Data START

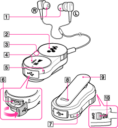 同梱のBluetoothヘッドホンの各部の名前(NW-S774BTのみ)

Data END
Data START

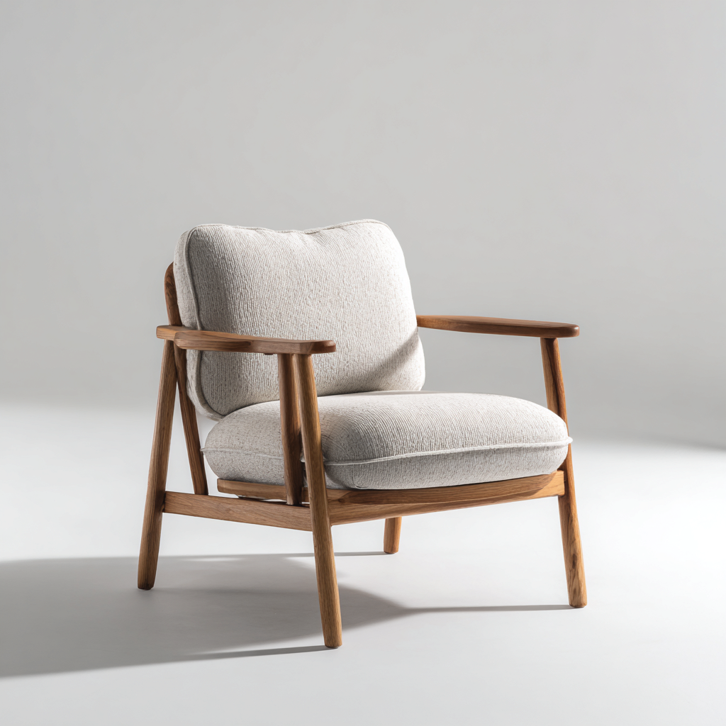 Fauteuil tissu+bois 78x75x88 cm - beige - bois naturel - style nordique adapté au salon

Data END
Data START

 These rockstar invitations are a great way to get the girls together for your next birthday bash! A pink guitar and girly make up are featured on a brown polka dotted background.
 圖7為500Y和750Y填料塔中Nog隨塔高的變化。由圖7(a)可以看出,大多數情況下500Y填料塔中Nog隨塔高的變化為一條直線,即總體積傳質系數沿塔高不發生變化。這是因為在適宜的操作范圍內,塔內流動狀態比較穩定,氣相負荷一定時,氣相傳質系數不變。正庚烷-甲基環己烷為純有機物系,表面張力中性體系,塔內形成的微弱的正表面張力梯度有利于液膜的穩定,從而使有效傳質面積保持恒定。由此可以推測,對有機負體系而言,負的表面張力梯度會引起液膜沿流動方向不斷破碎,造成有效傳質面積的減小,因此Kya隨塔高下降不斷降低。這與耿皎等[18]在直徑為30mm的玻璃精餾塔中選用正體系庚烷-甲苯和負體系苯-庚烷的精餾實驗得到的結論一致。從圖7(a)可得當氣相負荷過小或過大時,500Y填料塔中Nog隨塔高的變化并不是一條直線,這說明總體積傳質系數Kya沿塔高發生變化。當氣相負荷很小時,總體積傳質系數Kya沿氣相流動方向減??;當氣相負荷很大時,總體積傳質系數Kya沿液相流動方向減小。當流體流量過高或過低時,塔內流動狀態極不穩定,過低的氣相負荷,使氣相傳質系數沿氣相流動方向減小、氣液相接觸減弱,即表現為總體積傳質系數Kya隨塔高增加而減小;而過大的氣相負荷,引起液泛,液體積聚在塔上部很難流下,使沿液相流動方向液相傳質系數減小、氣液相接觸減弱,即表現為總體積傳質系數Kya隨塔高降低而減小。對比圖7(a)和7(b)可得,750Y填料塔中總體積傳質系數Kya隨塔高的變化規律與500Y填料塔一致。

Data END

— Required work —
Reproduce only the lines above spanning from the line containing "These rockstar invitations" through the line containing "圖7為500Y和750Y填料", word for word.

— Solution to this exercise —
 These rockstar invitations are a great way to get the girls together for your next birthday bash! A pink guitar and girly make up are featured on a brown polka dotted background.
 圖7為500Y和750Y填料塔中Nog隨塔高的變化。由圖7(a)可以看出,大多數情況下500Y填料塔中Nog隨塔高的變化為一條直線,即總體積傳質系數沿塔高不發生變化。這是因為在適宜的操作范圍內,塔內流動狀態比較穩定,氣相負荷一定時,氣相傳質系數不變。正庚烷-甲基環己烷為純有機物系,表面張力中性體系,塔內形成的微弱的正表面張力梯度有利于液膜的穩定,從而使有效傳質面積保持恒定。由此可以推測,對有機負體系而言,負的表面張力梯度會引起液膜沿流動方向不斷破碎,造成有效傳質面積的減小,因此Kya隨塔高下降不斷降低。這與耿皎等[18]在直徑為30mm的玻璃精餾塔中選用正體系庚烷-甲苯和負體系苯-庚烷的精餾實驗得到的結論一致。從圖7(a)可得當氣相負荷過小或過大時,500Y填料塔中Nog隨塔高的變化并不是一條直線,這說明總體積傳質系數Kya沿塔高發生變化。當氣相負荷很小時,總體積傳質系數Kya沿氣相流動方向減??;當氣相負荷很大時,總體積傳質系數Kya沿液相流動方向減小。當流體流量過高或過低時,塔內流動狀態極不穩定,過低的氣相負荷,使氣相傳質系數沿氣相流動方向減小、氣液相接觸減弱,即表現為總體積傳質系數Kya隨塔高增加而減小;而過大的氣相負荷,引起液泛,液體積聚在塔上部很難流下,使沿液相流動方向液相傳質系數減小、氣液相接觸減弱,即表現為總體積傳質系數Kya隨塔高降低而減小。對比圖7(a)和7(b)可得,750Y填料塔中總體積傳質系數Kya隨塔高的變化規律與500Y填料塔一致。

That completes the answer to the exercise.